◆ **GIVEN INFORMATION**
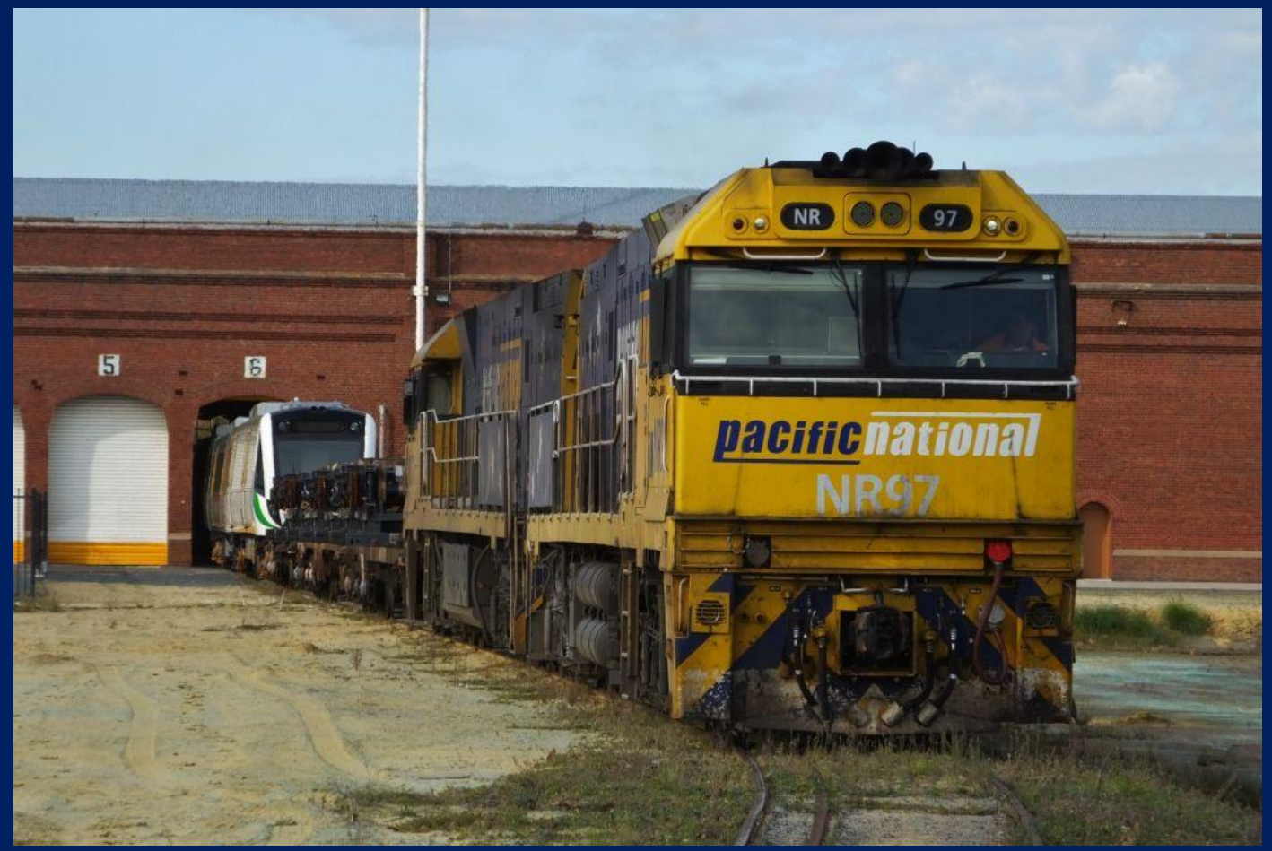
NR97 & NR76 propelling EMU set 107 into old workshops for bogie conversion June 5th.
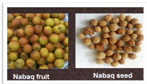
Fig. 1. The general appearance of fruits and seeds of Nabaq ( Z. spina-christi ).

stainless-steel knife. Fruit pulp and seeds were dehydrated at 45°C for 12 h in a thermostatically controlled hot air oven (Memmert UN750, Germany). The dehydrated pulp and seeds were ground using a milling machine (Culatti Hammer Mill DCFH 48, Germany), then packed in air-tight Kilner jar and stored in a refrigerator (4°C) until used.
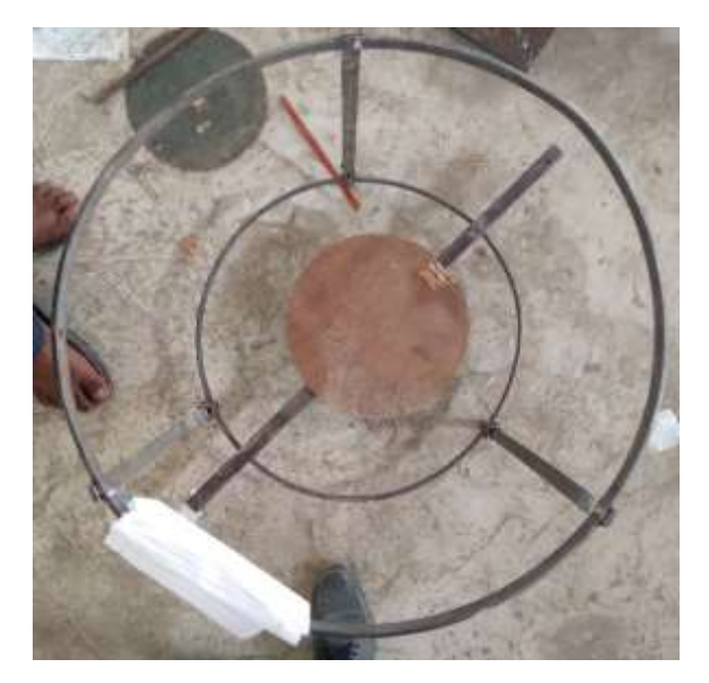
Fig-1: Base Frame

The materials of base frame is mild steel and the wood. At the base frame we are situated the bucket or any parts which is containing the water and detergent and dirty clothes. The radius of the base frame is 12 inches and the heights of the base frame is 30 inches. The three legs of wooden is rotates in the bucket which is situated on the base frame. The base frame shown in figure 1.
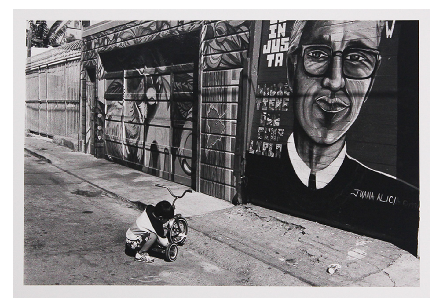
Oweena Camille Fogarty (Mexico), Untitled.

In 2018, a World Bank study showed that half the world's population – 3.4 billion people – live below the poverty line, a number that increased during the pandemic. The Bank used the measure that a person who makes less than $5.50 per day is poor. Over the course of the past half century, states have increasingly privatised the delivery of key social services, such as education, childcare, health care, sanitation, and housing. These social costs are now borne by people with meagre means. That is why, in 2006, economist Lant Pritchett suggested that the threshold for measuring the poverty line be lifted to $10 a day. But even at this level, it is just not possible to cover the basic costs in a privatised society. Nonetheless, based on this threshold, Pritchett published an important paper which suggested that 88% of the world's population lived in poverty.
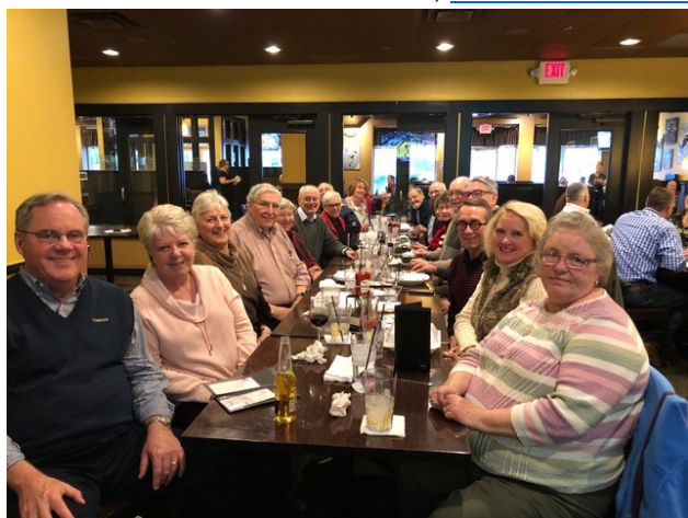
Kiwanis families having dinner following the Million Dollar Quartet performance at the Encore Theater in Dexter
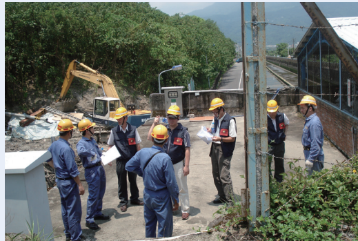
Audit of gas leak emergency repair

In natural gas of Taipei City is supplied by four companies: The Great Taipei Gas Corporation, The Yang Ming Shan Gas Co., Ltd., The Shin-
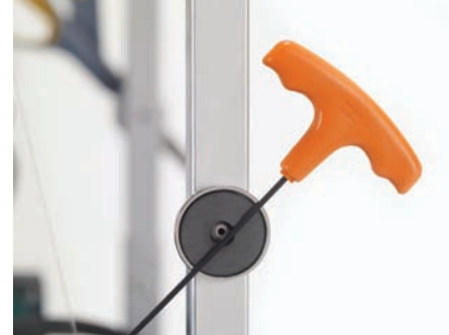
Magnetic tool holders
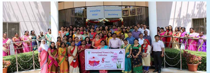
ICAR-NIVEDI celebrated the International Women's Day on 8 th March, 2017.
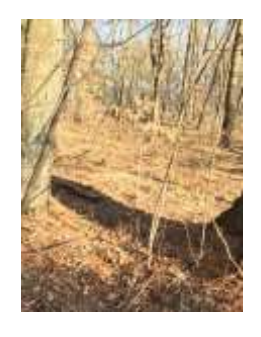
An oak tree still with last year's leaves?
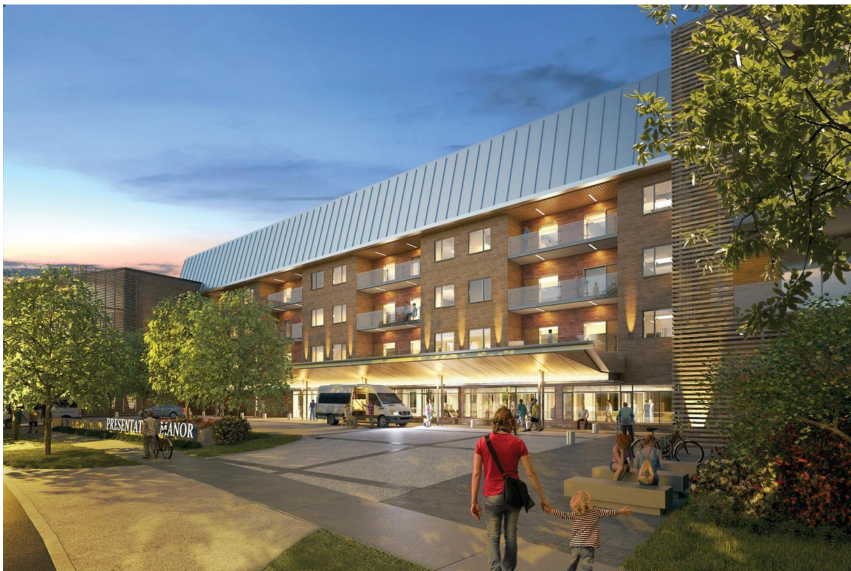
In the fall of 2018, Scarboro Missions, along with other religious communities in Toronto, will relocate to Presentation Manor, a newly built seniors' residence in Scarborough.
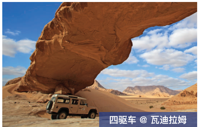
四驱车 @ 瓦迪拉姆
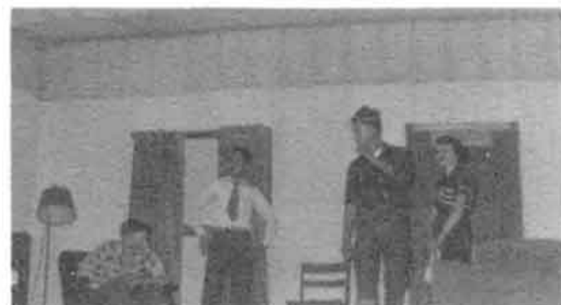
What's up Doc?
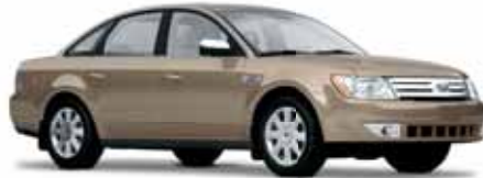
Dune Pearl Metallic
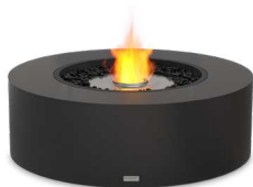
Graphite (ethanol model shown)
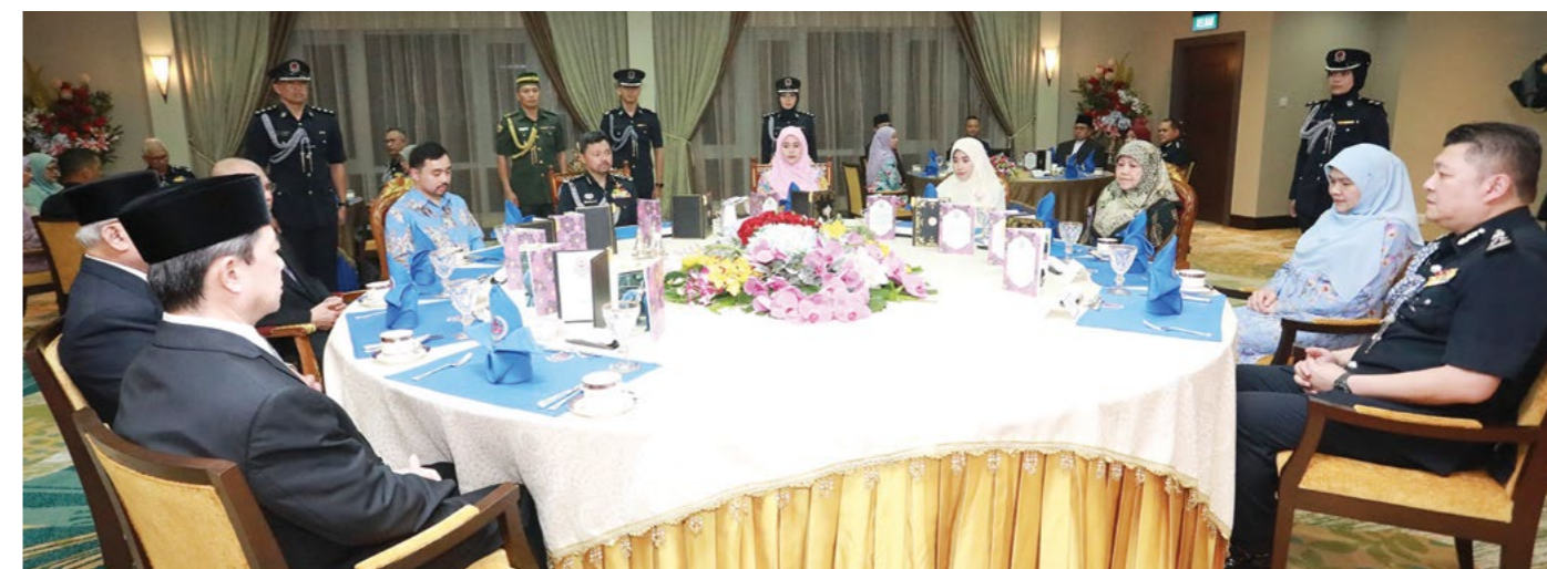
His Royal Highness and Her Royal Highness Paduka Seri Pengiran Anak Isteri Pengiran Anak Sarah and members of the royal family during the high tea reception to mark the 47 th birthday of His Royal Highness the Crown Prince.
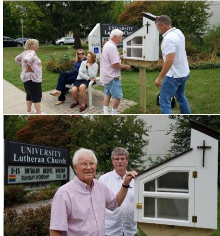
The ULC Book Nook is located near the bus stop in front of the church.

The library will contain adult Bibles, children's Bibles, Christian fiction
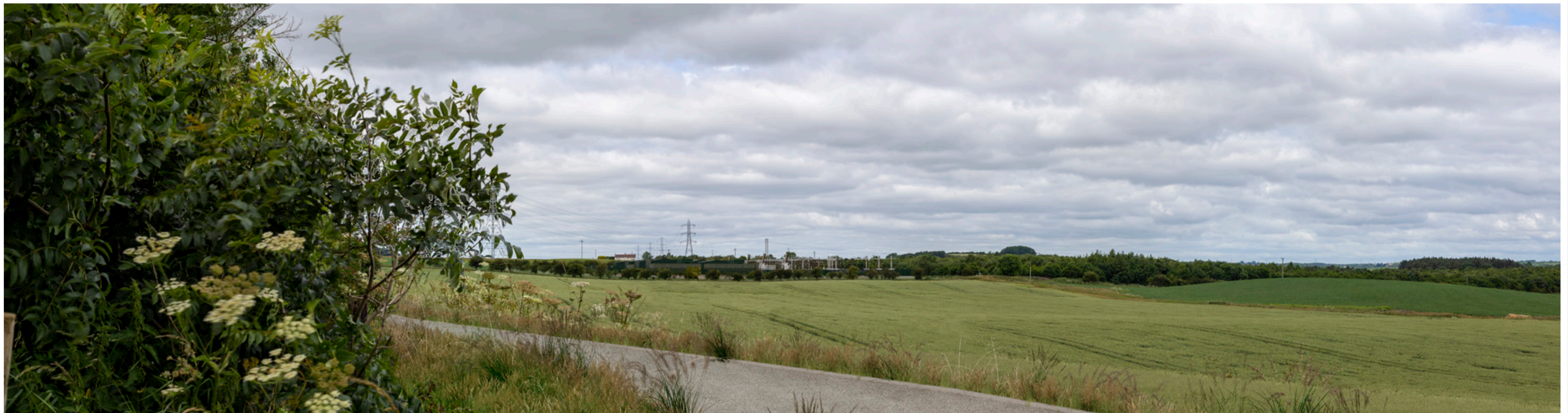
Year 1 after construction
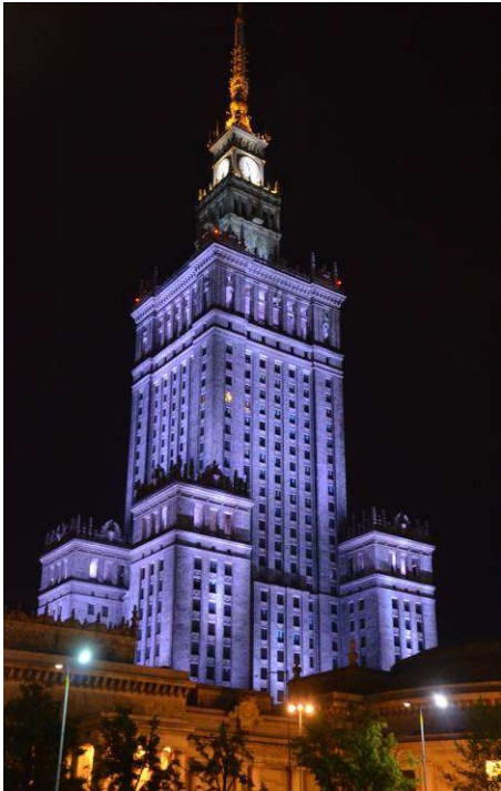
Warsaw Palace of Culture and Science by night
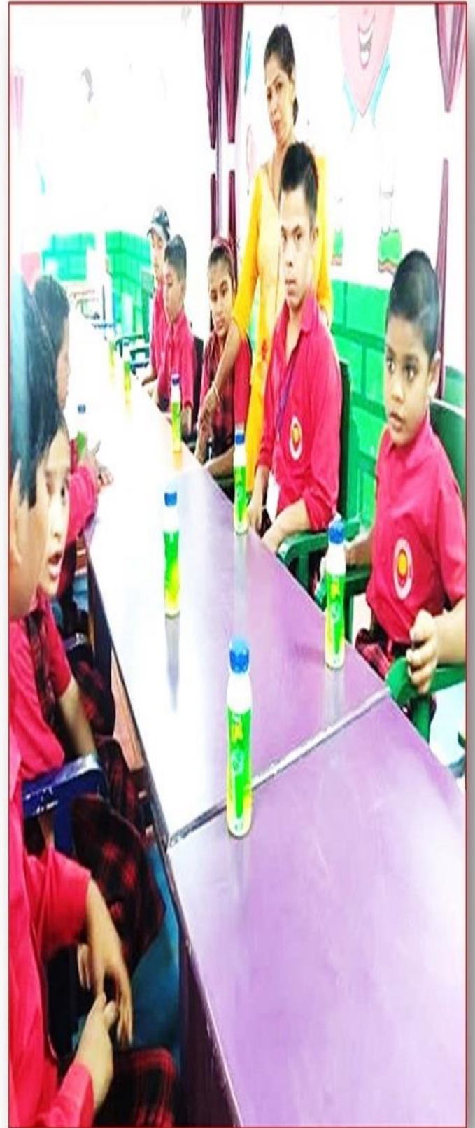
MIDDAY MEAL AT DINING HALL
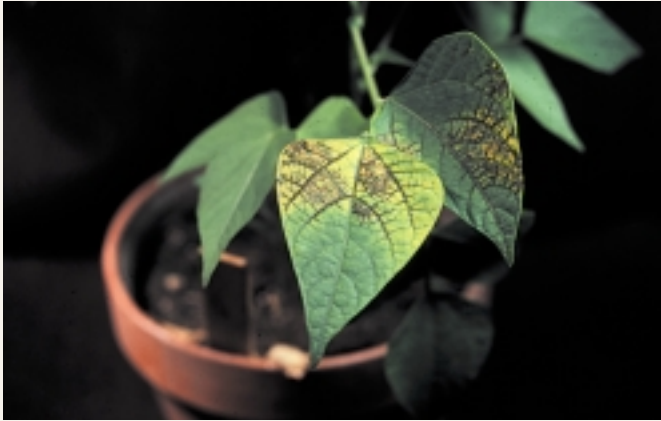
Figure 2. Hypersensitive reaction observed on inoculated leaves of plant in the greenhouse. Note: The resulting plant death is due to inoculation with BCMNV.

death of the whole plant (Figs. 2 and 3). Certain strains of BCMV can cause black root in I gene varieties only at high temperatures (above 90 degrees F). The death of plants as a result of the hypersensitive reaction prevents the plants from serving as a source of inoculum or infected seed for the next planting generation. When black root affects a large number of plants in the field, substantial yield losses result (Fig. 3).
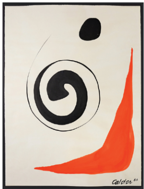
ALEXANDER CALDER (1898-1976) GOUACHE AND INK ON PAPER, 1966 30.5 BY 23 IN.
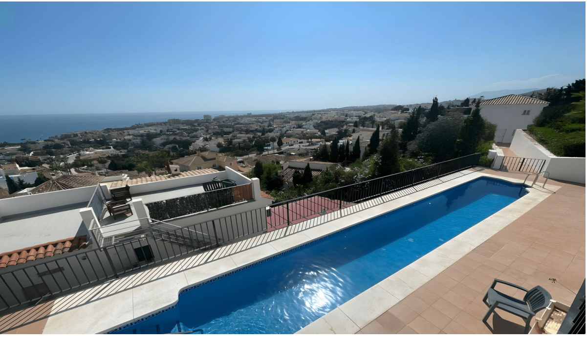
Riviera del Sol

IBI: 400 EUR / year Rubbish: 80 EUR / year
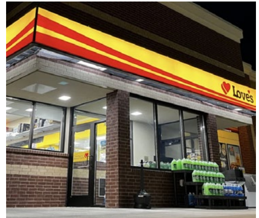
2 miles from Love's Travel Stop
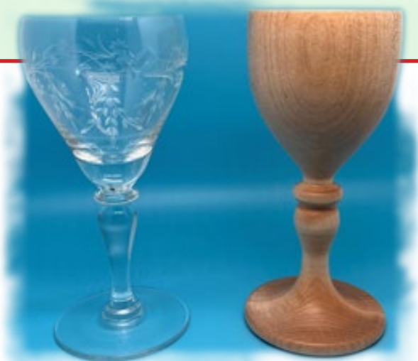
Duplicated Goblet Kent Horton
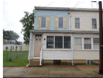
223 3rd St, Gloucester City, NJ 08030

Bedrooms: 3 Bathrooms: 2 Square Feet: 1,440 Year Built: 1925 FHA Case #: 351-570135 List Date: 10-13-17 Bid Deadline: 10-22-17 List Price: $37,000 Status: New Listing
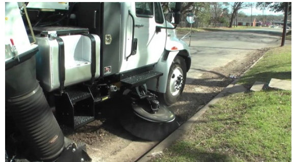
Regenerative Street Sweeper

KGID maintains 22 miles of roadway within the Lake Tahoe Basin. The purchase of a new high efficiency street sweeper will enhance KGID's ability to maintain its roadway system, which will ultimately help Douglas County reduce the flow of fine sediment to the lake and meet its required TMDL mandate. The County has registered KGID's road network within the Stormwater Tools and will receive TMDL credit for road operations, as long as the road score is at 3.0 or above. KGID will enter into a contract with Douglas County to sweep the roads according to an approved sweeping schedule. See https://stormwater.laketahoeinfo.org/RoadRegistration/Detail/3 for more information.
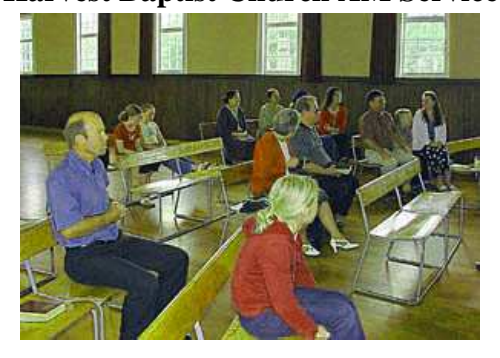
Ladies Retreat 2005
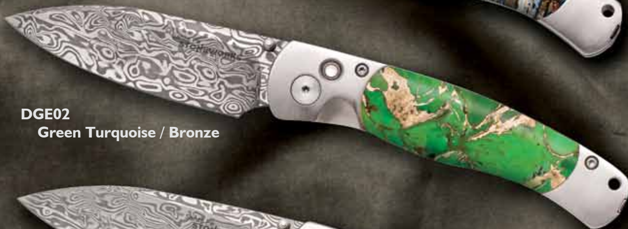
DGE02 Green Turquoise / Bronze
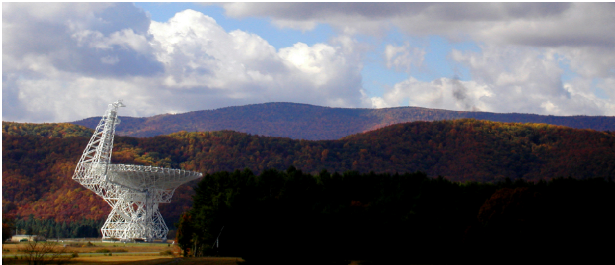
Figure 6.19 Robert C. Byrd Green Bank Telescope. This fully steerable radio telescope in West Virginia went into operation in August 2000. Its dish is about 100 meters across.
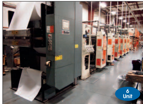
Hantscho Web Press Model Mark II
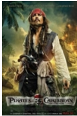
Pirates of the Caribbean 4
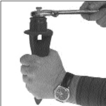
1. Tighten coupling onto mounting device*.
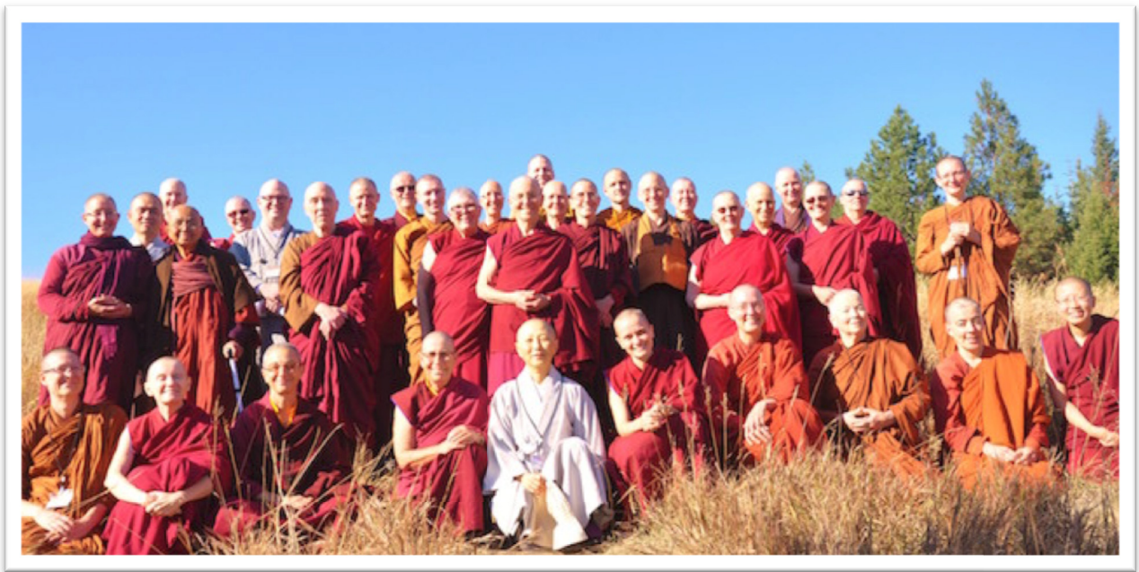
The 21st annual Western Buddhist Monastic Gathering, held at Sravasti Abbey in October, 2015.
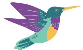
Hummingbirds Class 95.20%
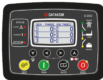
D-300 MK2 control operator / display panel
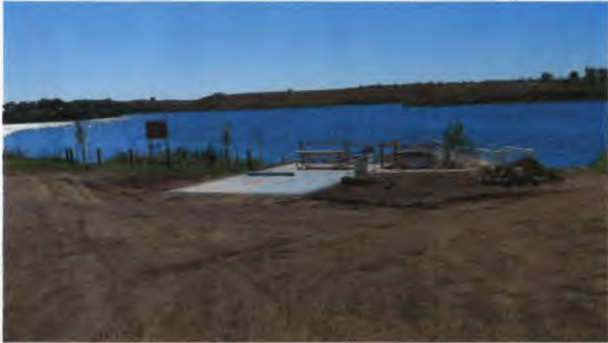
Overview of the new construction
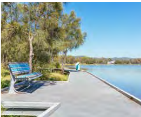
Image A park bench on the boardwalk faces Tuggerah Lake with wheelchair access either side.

◆ **WHAT YOU NEED TO DO**
The expected output is exactly the lines from the one containing "KGID maintains 22" through the last line of the listing, both included, with every picture left out.

◆ **RESULT FOR THIS EXERCISE**
KGID maintains 22 miles of roadway within the Lake Tahoe Basin. The purchase of a new high efficiency street sweeper will enhance KGID's ability to maintain its roadway system, which will ultimately help Douglas County reduce the flow of fine sediment to the lake and meet its required TMDL mandate. The County has registered KGID's road network within the Stormwater Tools and will receive TMDL credit for road operations, as long as the road score is at 3.0 or above. KGID will enter into a contract with Douglas County to sweep the roads according to an approved sweeping schedule. See https://stormwater.laketahoeinfo.org/RoadRegistration/Detail/3 for more information.
Ladies Retreat 2005
DGE02 Green Turquoise / Bronze
Figure 6.19 Robert C. Byrd Green Bank Telescope. This fully steerable radio telescope in West Virginia went into operation in August 2000. Its dish is about 100 meters across.
Hantscho Web Press Model Mark II
Pirates of the Caribbean 4
1. Tighten coupling onto mounting device*.
The 21st annual Western Buddhist Monastic Gathering, held at Sravasti Abbey in October, 2015.
Hummingbirds Class 95.20%
D-300 MK2 control operator / display panel
Overview of the new construction
Image A park bench on the boardwalk faces Tuggerah Lake with wheelchair access either side.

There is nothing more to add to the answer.